I like that they instrumented the STM code enough that you can debug slowdowns when writing your code. Never understimate the power of well instrumented languages.

pjmlp · on Nov 17, 2014

Maybe one day, PyPy will eventually become the canonical implementation of Python.

Animats · on Nov 17, 2014

Python's Little Tin God wouldn't like it.

Python's feature set is basically what's easy to do in a naive interpreter. Everything is a dictionary. Anything can be changed from anywhere. With "getattr", you can patch one thread from another. It's elegant, and very difficult to speed up. Google tried, with von Rossum on board. Their "Unladen Swallow" JIT compiler project crashed and burned.

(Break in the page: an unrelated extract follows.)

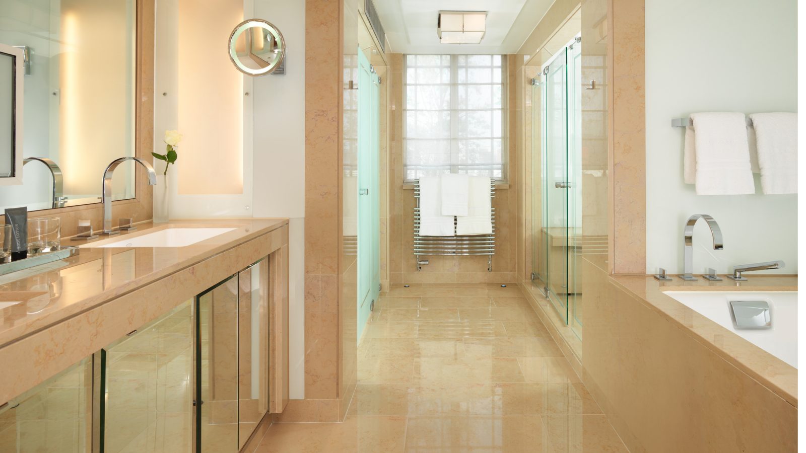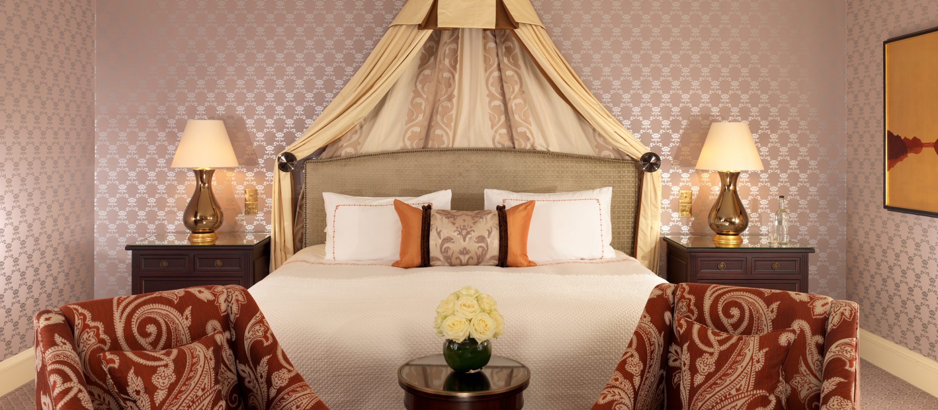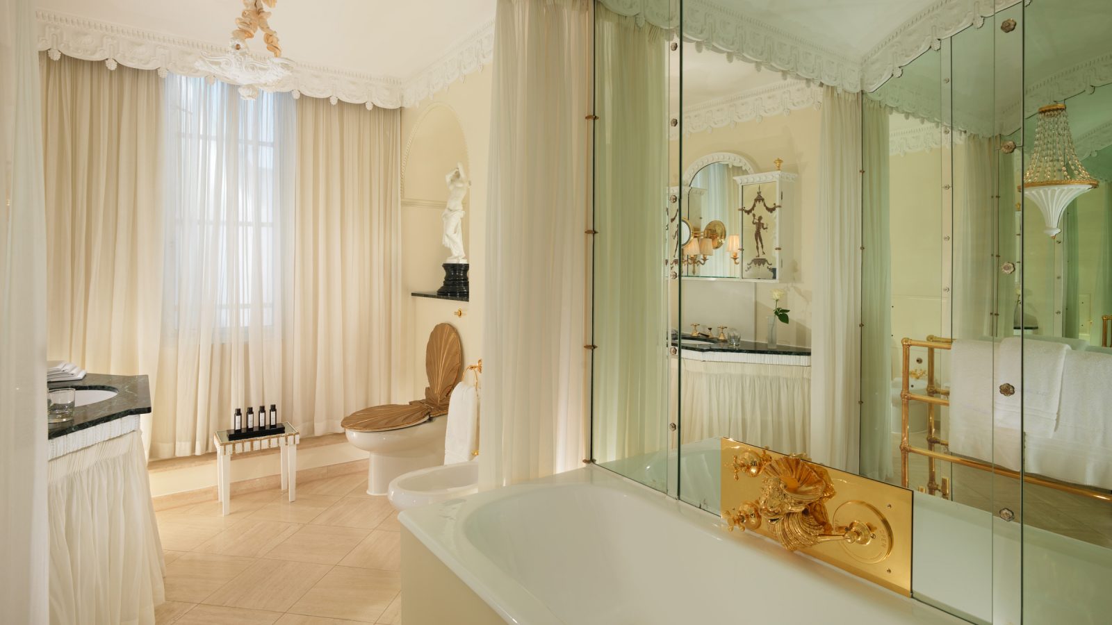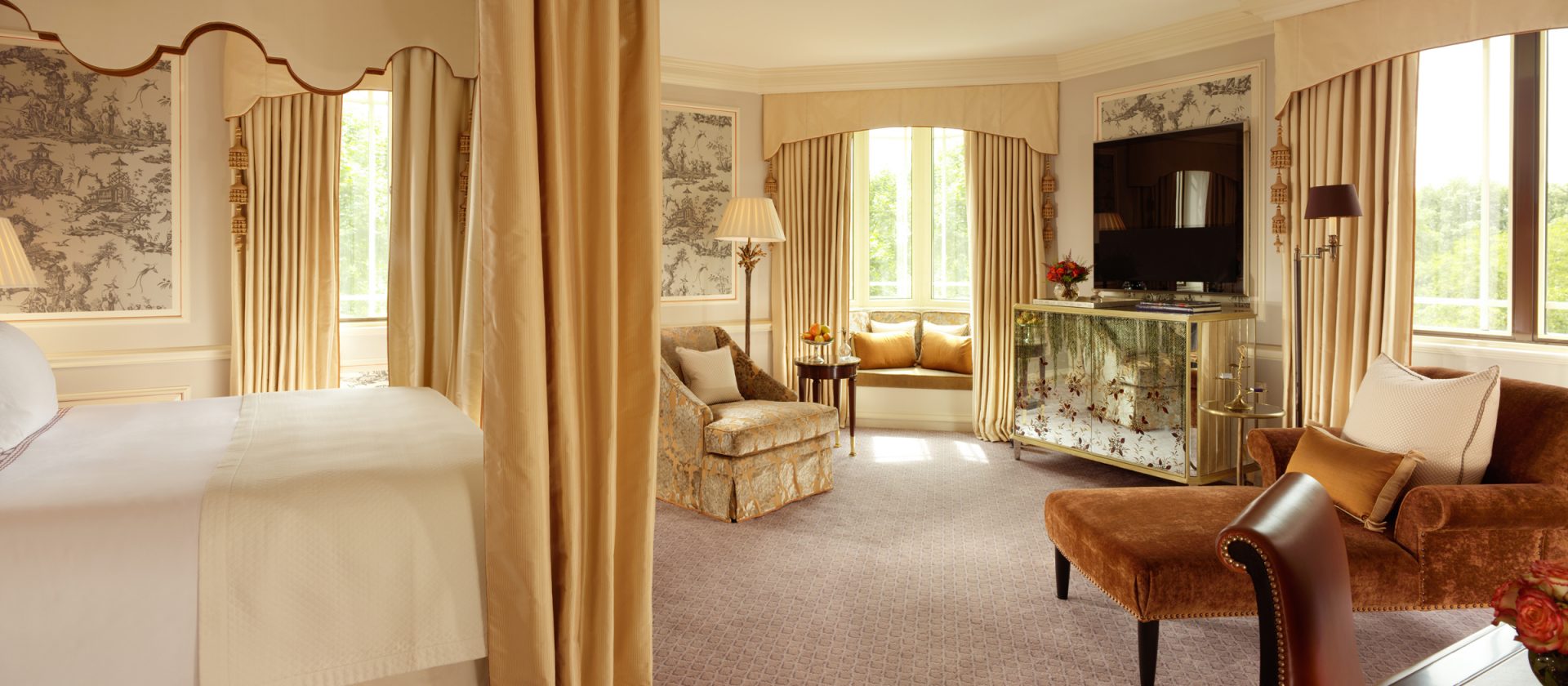 133 кв. м. У 1950-ті рр. Олівець Месель. Marlene Dietrich, Noel Kovard і Sylvester Stallon знаходяться в кімнаті в різні часи. З спальні з ліжком king-size, їдальня, ванна кімната з ванною, подвійна раковина і окрема душова кабіна, гостьова ванна кімната, шафа, тераса з видом на Mayfair і Hyde Park. У палаці і бронюванні суміжного люксу доступні. Місце: 2 чол.

The PyPy group has made a fast Python compiler/interpreter/JIT system. It's really hard. The initial funding from the European Union got them started, but wasn't enough. They really try to handle all the hard cases. This requires two interpreters and a JIT. They have to handle "oh no, someone patched object A from thread R, invalidating code that's running in thread S". There's a "backup interpreter" that kicks in for hard cases, and once control is out of the area in trouble, the JIT can recompile it. (This is an old and oversimplified description.)

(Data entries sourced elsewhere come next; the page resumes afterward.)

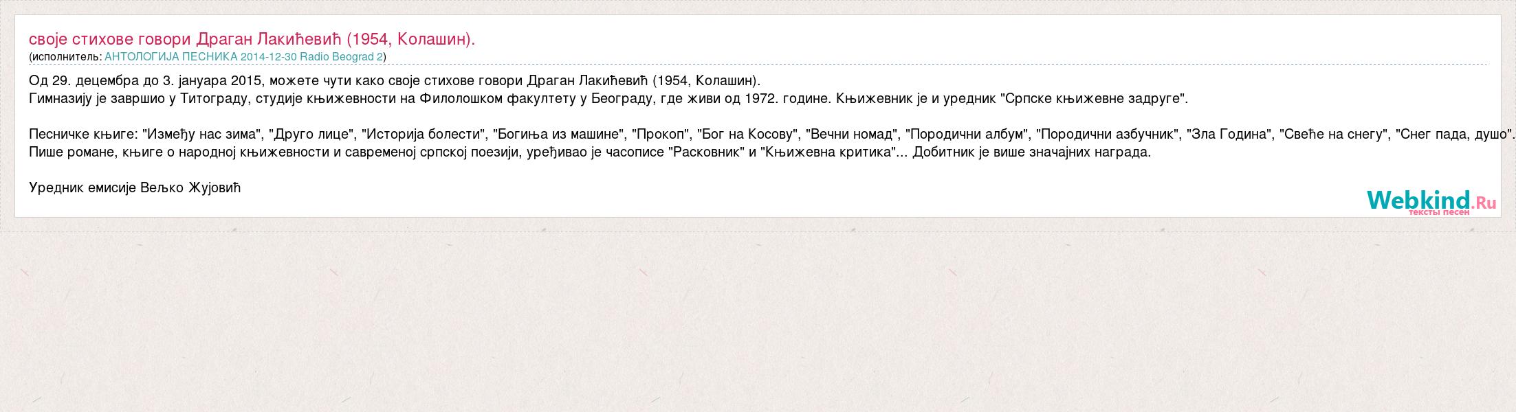 Главная→Исполнители→АНТОЛОГИЈА ПЕСНИКА 2014-12-30 Radio Beograd 2→Своје стихове говори Драган Лакићевић (1954, Колашин).
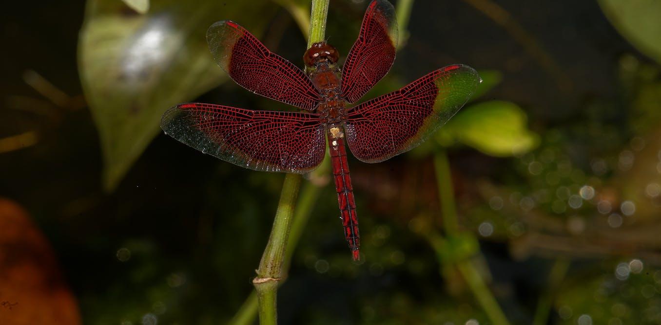 Dans une mare forestière ensoleillée, le mâle de Neurothemis arbore ici une couleur lie de vin spectaculaire sur les ailes, dont les nervures sont soulignées d’un rouge carmin. Ses ailes sont incurvées vers le bas, ce qui n’est pas fréquent chez les libellules, et on croit voir une fleur aux pétales rouges dont les pétales pendent. Comme ils se perchent au sommet de plantes comme des joncs ou des graminées aquatiques, un prédateur (un oiseau par exemple) ou un observateur peut voir une fleur dans son environnement, au lieu d’un juteux insecte.
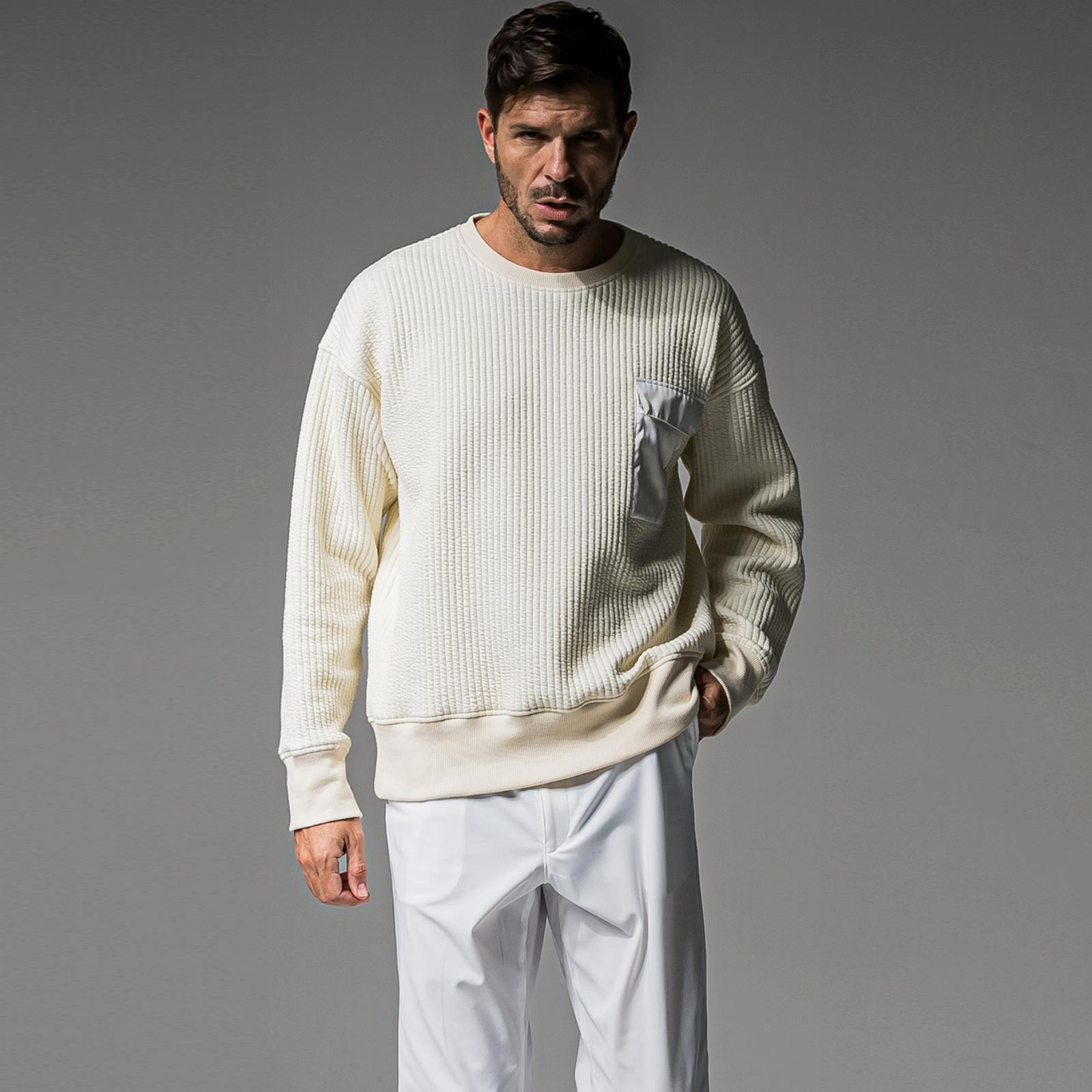 胸にミリタリーフラップポケットをデザイン
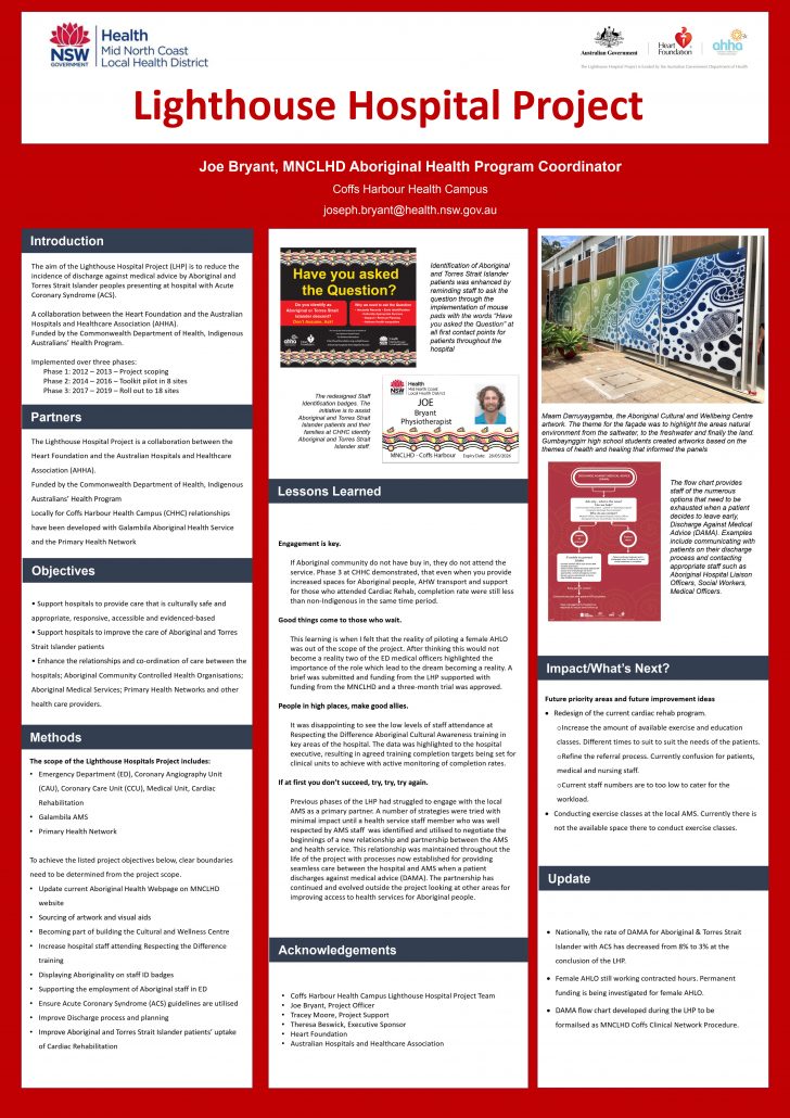 The aim of the Lighthouse Hospital Project (LHP) is to reduce the incidence of discharge against medical advice by Aboriginal and Torres Strait Islander peoples presenting at hospital with Acute Coronary Syndrome (ACS).

This transactional memory thing is very clever. It has to separate things at run time that probably should have been separated at compile time, of course. It's impressive that they can get it to work. It's a lot like how a superscalar CPU works, including transaction commit and backup at the retirement unit.

Python gets into this mess because, like C and C++, the language doesn't really know about concurrency. (Threads came late to UNIX, and C predates threads. So C has an excuse for backing into concurrency.) Python has the C model of concurrency; at the user level, it's treated as a library issue. Internally, though, it needs a lot of locking, because there's so much mutable state in the interpreter.

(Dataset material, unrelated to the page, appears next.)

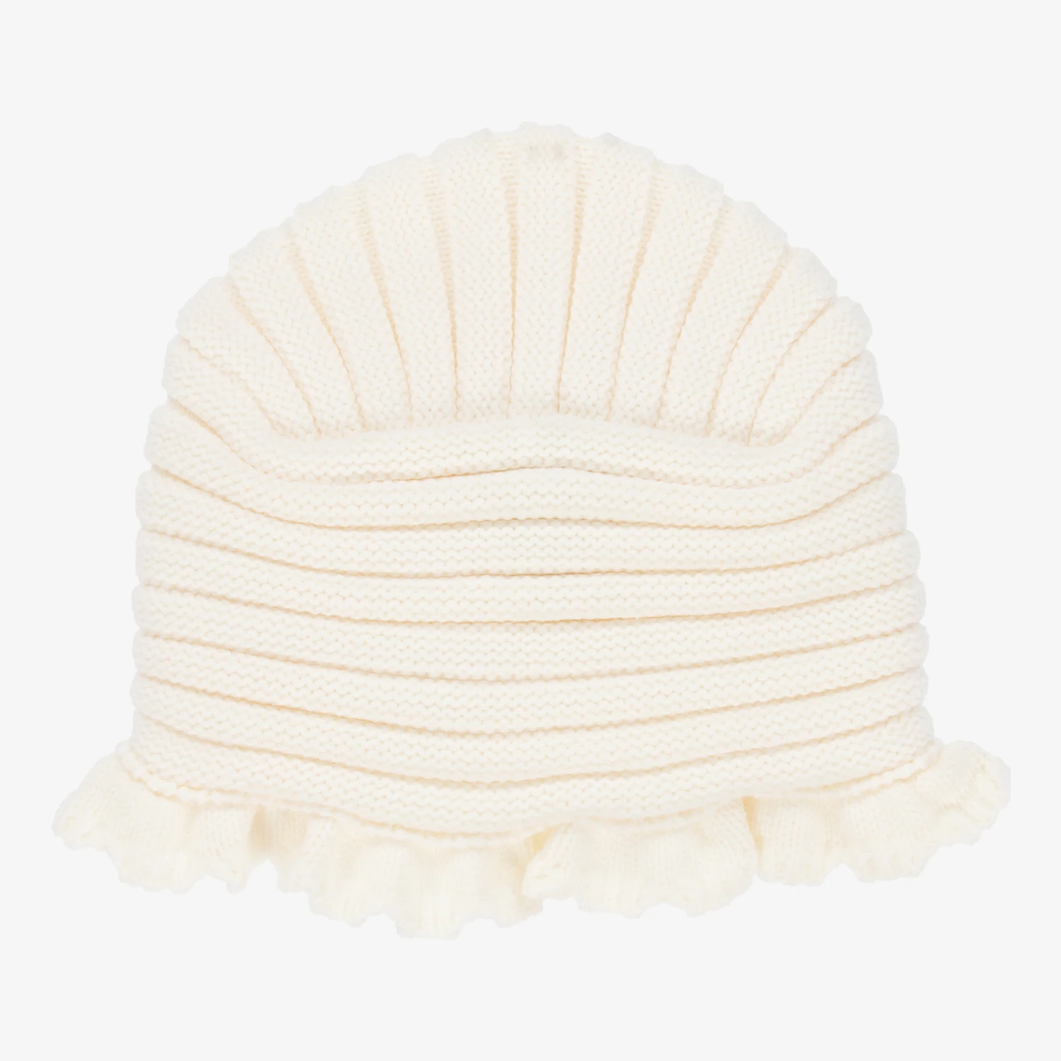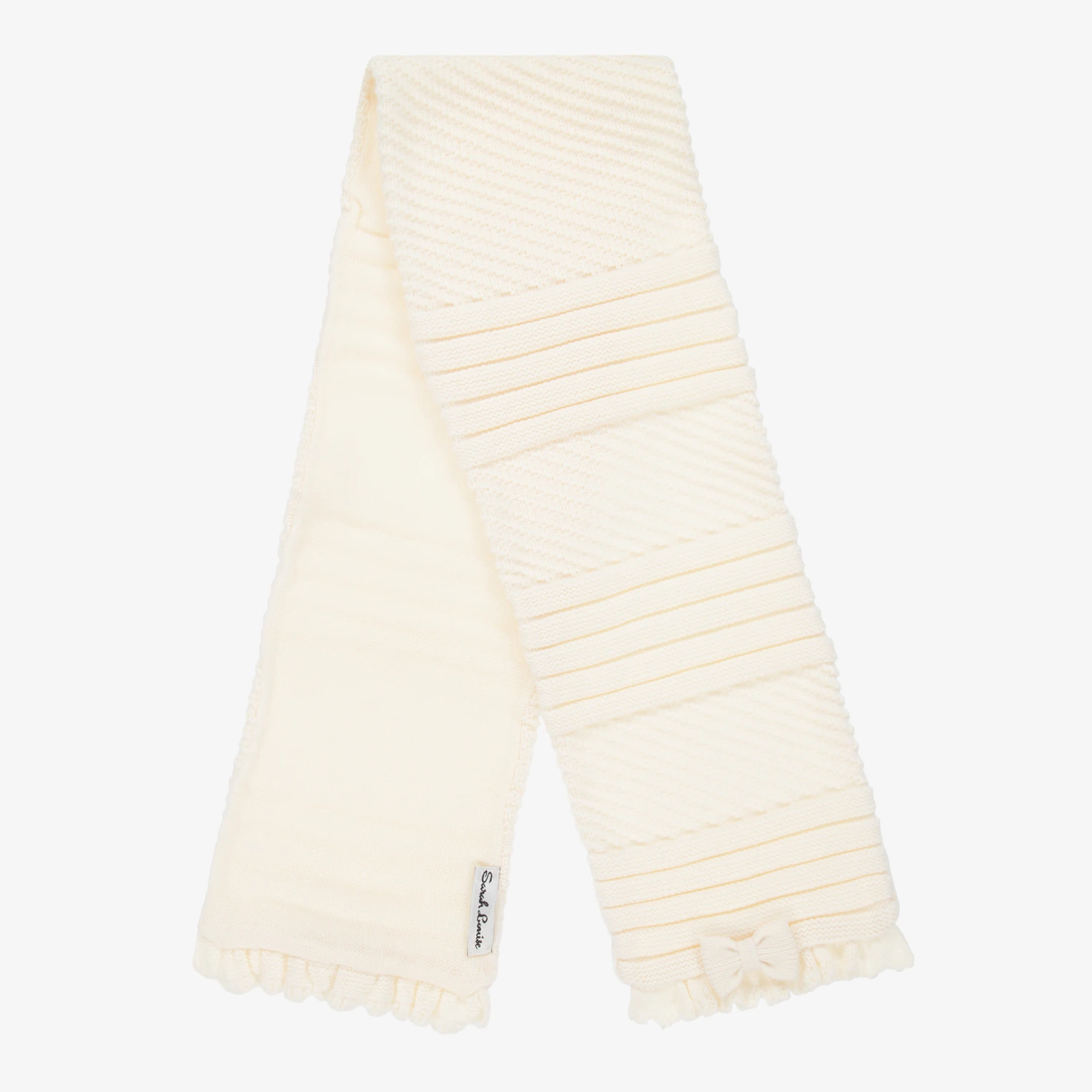 Ivory knitted hat and scarf set for little girls, by Sarah Louise. Made from a soft acrylic knit, the scarf has gorgeous raised ribbing details with a bow and ruffle trim at each end. The hat has a cute bow on the front with a ruffle trim.

It would be a lot easier if the language were restricted a little. But then It Wouldn't Be Python(tm). The price of this is huge complexity layered on a simple model, and probably years of obscure bugs in PyPy.

beagle3 · on Nov 18, 2014

> Python has the C model of concurrency; at the user level, it's treated as a library issue.

Other than Erlang, which modern language doesn't?

Java has e.g. "synchronized" keyword, but I regard it as merely syntactic sugar over a standard library implementing thread - semantically, it still basically has the C model.

Go has channels and stuff - but it's still library level (in fact, it's basically syntactic sugar over the Plan9/Inferno/Aleph/DontRememberName standard library primitives)

pjmlp · on Nov 17, 2014

> C predates threads

There were other OS with threads and co-routines being explored as design while UNIX was being developed at AT&T.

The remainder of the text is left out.